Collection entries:

=====

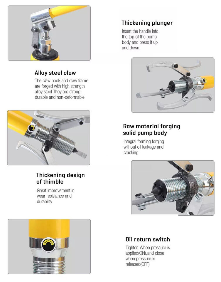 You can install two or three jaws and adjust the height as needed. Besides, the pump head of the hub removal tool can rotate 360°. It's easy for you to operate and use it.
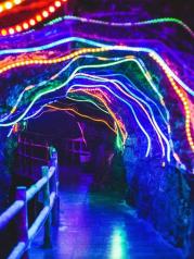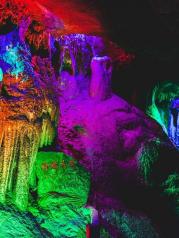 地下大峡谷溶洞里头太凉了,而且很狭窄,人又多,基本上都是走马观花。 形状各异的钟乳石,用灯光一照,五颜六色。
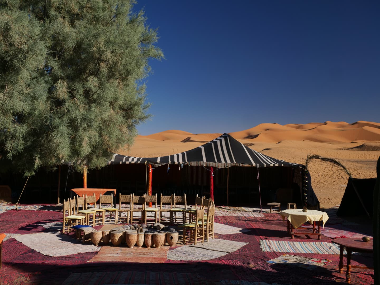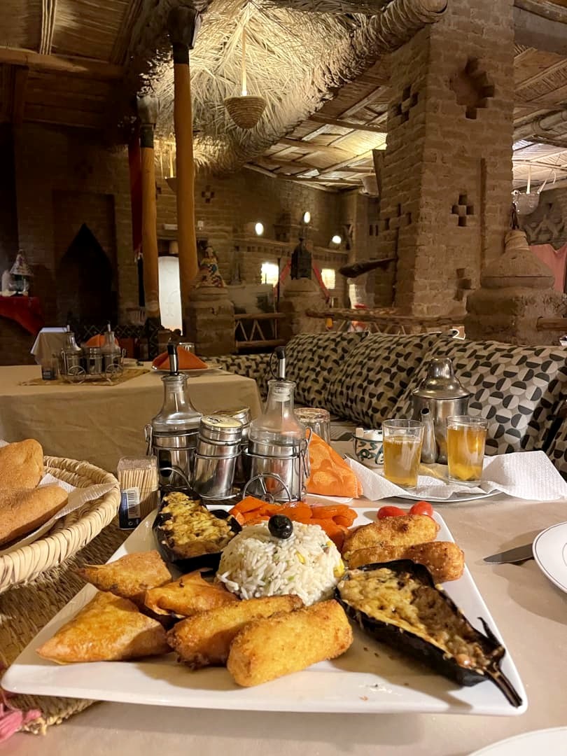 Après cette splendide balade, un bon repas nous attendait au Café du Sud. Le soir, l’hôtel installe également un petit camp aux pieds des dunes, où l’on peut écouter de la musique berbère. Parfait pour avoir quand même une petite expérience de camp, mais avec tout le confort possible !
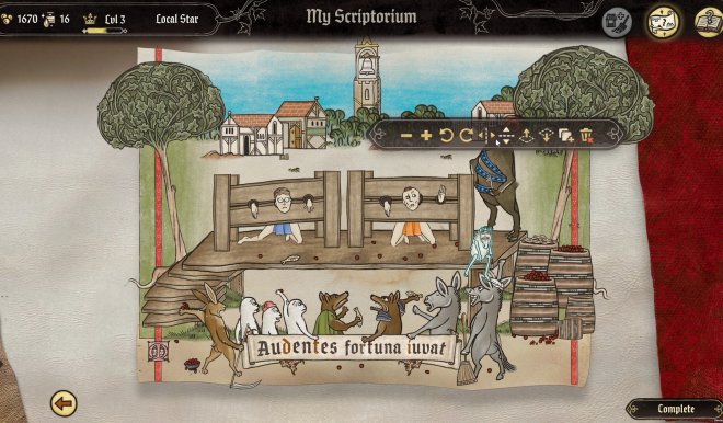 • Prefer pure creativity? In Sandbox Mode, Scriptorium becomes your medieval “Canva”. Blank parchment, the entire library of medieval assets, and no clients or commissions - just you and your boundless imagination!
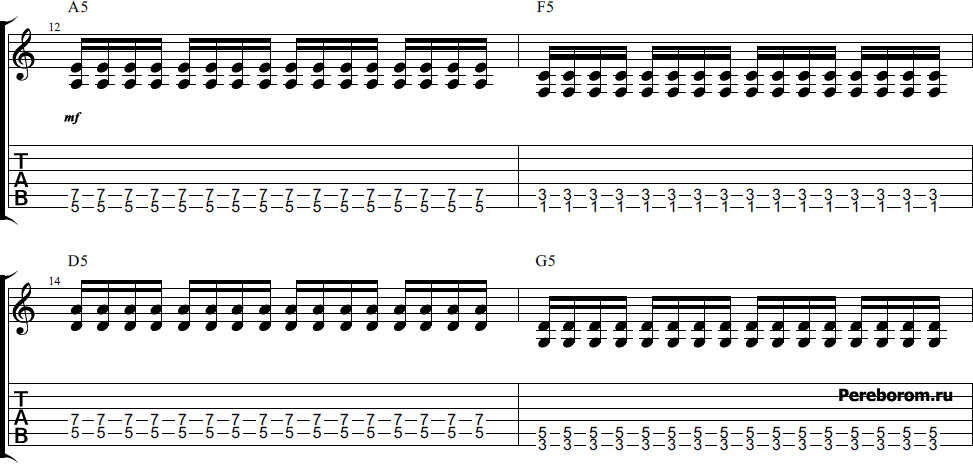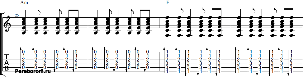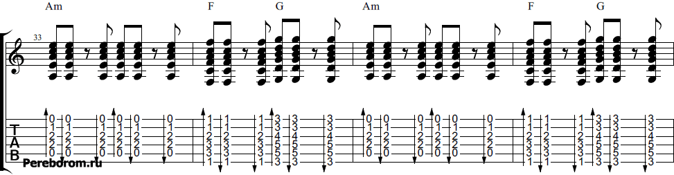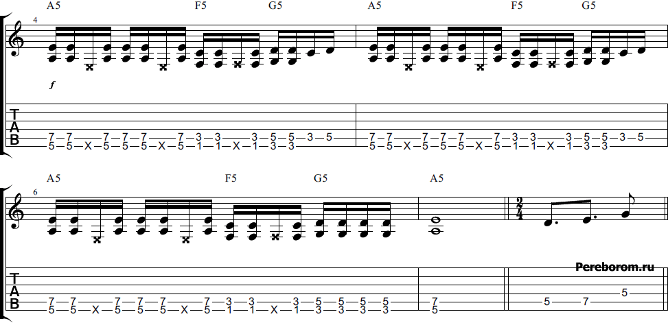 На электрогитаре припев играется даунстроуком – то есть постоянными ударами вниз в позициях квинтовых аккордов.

=====

Which lines run from the one containing "地下大峡谷溶洞里头太凉了,而" through the last line of the entries above? Output them exactly, both ends included, with no pictures.

> Response for this exercise:
 地下大峡谷溶洞里头太凉了,而且很狭窄,人又多,基本上都是走马观花。 形状各异的钟乳石,用灯光一照,五颜六色。
 Après cette splendide balade, un bon repas nous attendait au Café du Sud. Le soir, l’hôtel installe également un petit camp aux pieds des dunes, où l’on peut écouter de la musique berbère. Parfait pour avoir quand même une petite expérience de camp, mais avec tout le confort possible !
 • Prefer pure creativity? In Sandbox Mode, Scriptorium becomes your medieval “Canva”. Blank parchment, the entire library of medieval assets, and no clients or commissions - just you and your boundless imagination!
 На электрогитаре припев играется даунстроуком – то есть постоянными ударами вниз в позициях квинтовых аккордов.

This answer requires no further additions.